▶ _Goal of the exercise_
As soon as the line containing "为切实提升师生对消防安全的认" appears in the material below, start returning lines exactly, and end with the line containing "61' (1:2) Перец".

▶ _Data supplied_
↓↓↓

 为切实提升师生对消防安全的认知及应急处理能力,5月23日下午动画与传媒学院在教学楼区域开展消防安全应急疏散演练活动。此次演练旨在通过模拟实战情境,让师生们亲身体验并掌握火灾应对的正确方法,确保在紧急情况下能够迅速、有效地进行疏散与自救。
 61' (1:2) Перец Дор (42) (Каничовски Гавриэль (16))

↑↑↑
↓↓↓

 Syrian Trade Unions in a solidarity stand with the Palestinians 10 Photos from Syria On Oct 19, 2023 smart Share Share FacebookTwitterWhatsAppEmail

↑↑↑

▶ _Response box_
 为切实提升师生对消防安全的认知及应急处理能力,5月23日下午动画与传媒学院在教学楼区域开展消防安全应急疏散演练活动。此次演练旨在通过模拟实战情境,让师生们亲身体验并掌握火灾应对的正确方法,确保在紧急情况下能够迅速、有效地进行疏散与自救。
 61' (1:2) Перец Дор (42) (Каничовски Гавриэль (16))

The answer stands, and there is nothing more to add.